## Stored entries
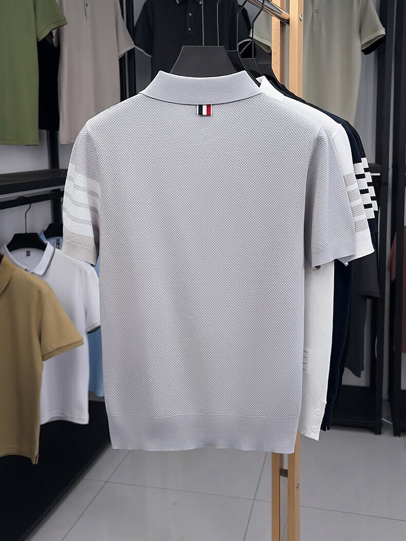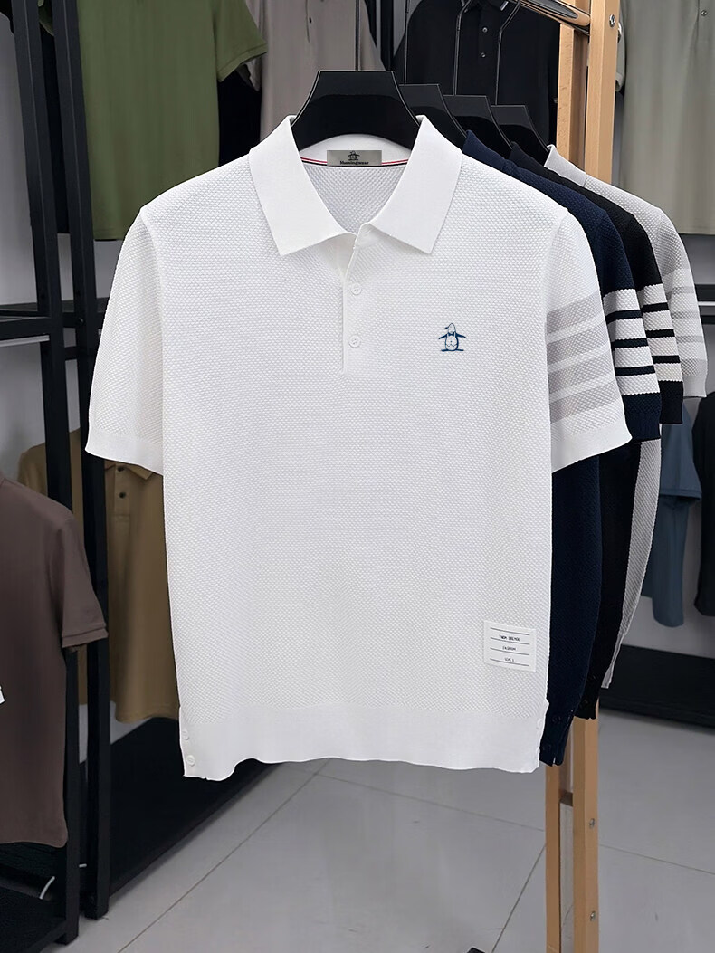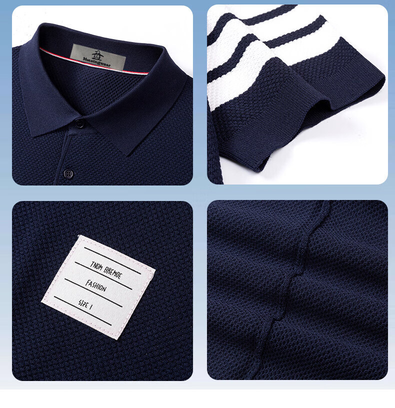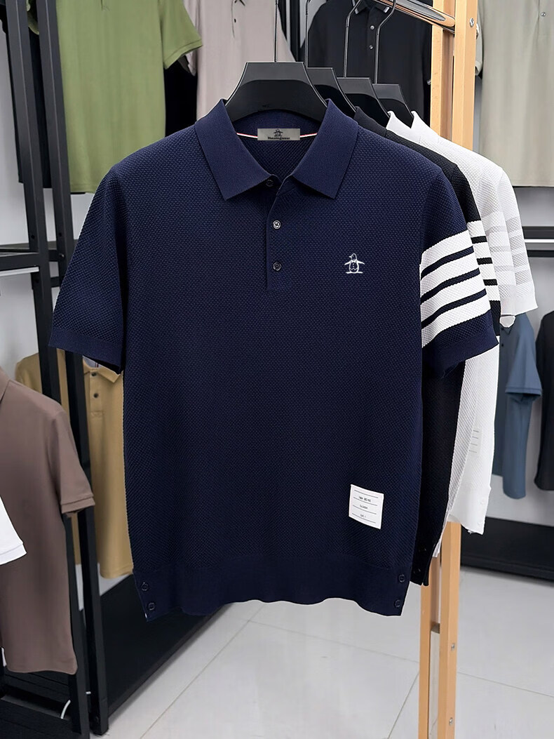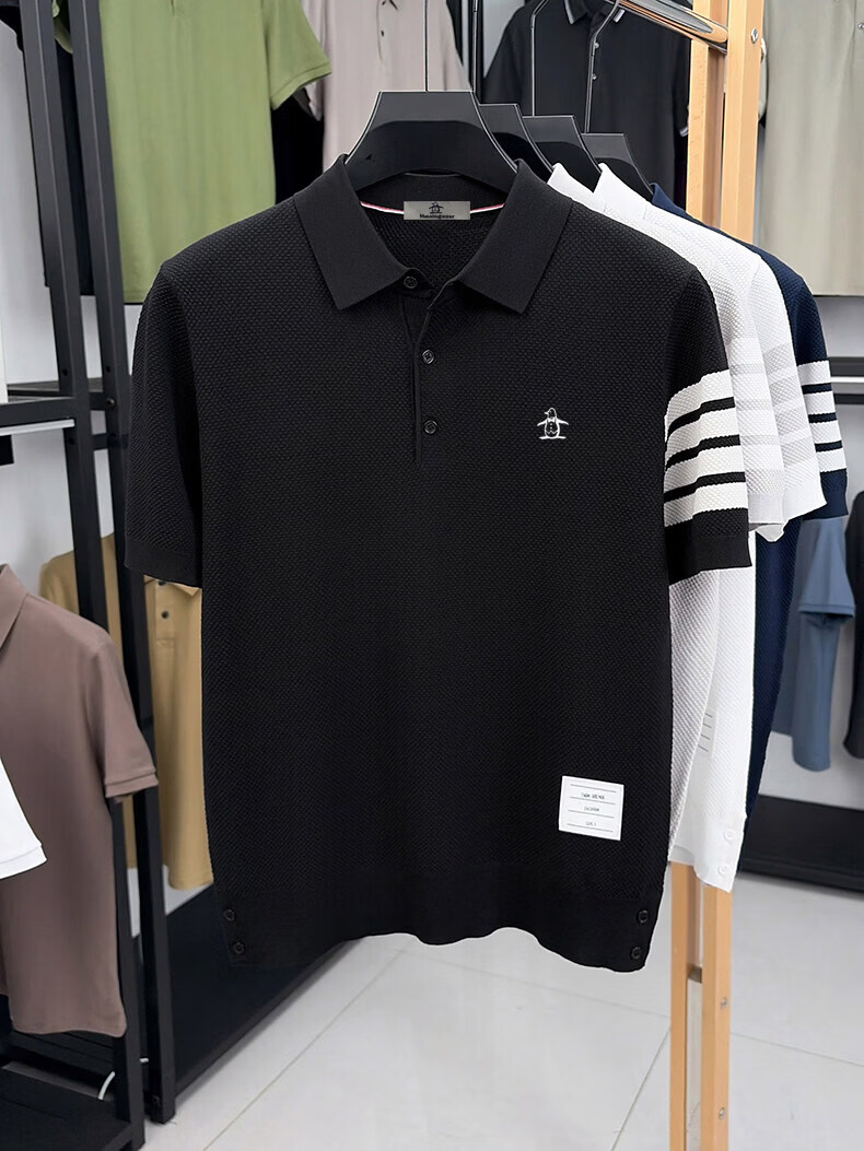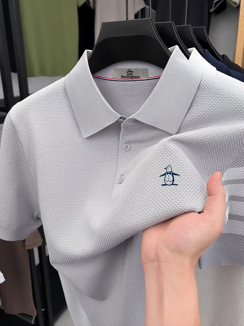 万星威(Munsingwear)NSINGWEAR/万星威高端男士短袖T恤中年桑蚕丝针织休闲POLO衫 星空灰 M 【建议90-110斤】
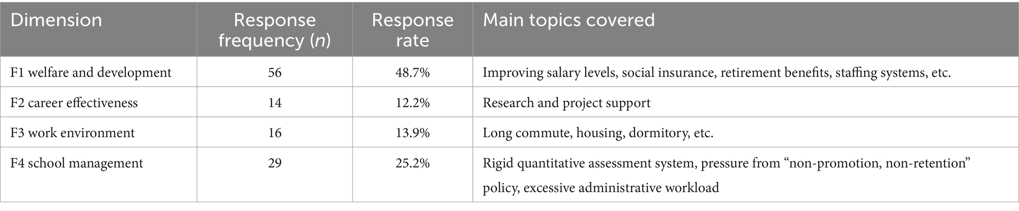 The school management dimension (F3) ranked second (n = 29, 25.2%). Respondents primarily suggested improvements regarding the rigidity of the quantitative assessment mechanism (frequency 15), the pressure from the "up-or-out" policy (frequency 9), and the excessive burden of administrative tasks (frequency 8). Representative excerpts included:
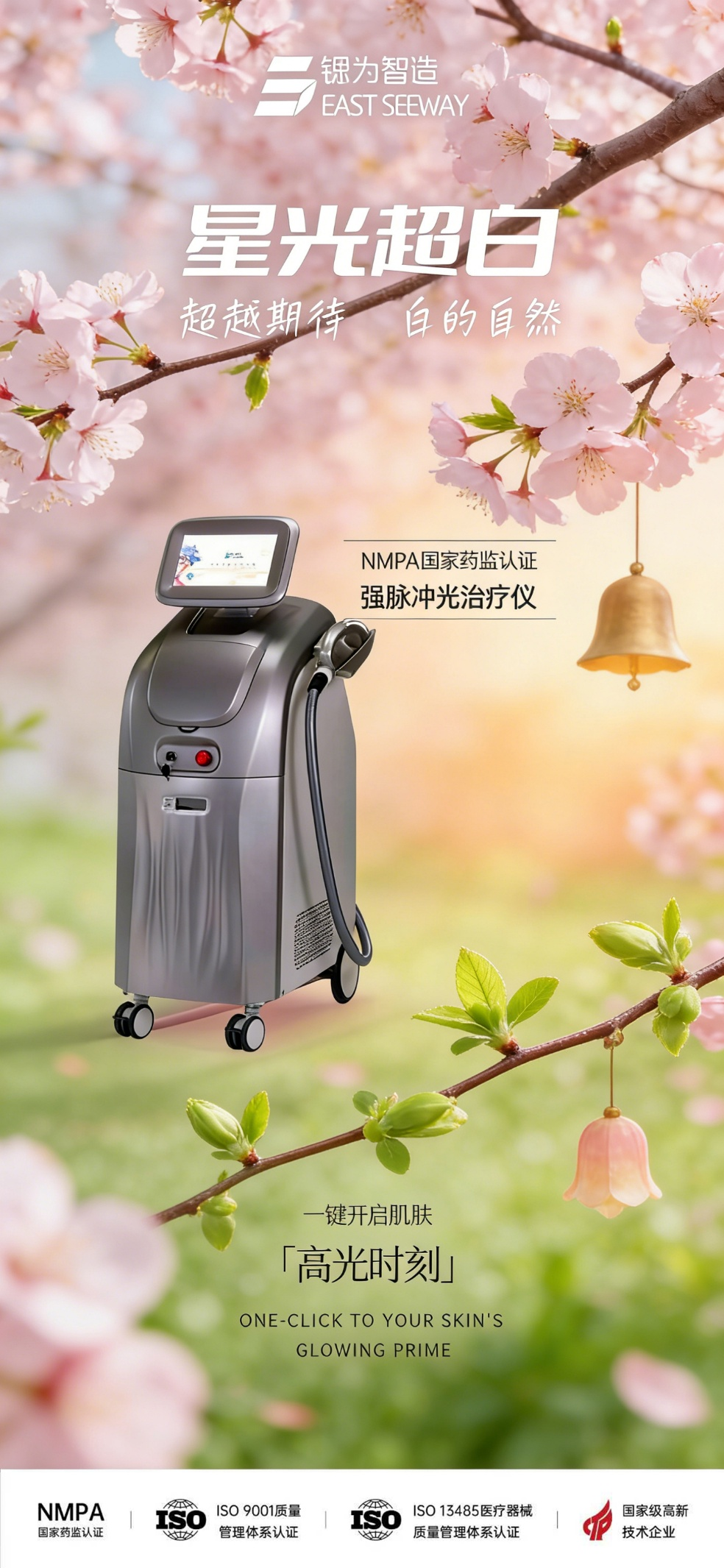 “星光超白”是一种基于强脉冲光技术的光子嫩肤设备,通过特定波段的光能量精准作用于皮肤。它能有效改善肤色暗沉、淡化色斑、缩小毛孔、减少红血丝,同时刺激胶原再生,让肌肤更加细腻透亮。
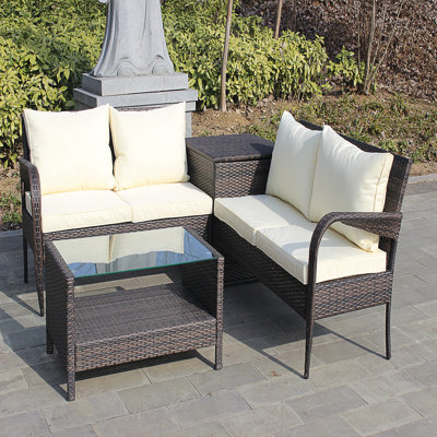 4 Piece Wicker Rattan Patio Sofa Set, Outdoor Conversation Set, Garden Sofa Couch Set with Cushions and Storage BoxOur outdoor furniture has a sturdy anti rust steel frame. We use high quality pe rattan wicker, ensuring that it can withstand the test of time and high temperature, and is very suitable for any indoor and outdoor use Red Barrel StudioRed Barrel Studio
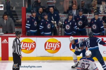 Darnell Nurse contre Adam Lowry des Oilers d’Edmonton au match des Jets de Winnipeg le 4 mars 2023. via https://www.hockeyfights.com

## The problem
All lines above between the line that contains "4 Piece Wicker" and the last line of the entries, both included, must be transcribed exactly. No pictures are to appear.

## Result of the exercise
 4 Piece Wicker Rattan Patio Sofa Set, Outdoor Conversation Set, Garden Sofa Couch Set with Cushions and Storage BoxOur outdoor furniture has a sturdy anti rust steel frame. We use high quality pe rattan wicker, ensuring that it can withstand the test of time and high temperature, and is very suitable for any indoor and outdoor use Red Barrel StudioRed Barrel Studio
 Darnell Nurse contre Adam Lowry des Oilers d’Edmonton au match des Jets de Winnipeg le 4 mars 2023. via https://www.hockeyfights.com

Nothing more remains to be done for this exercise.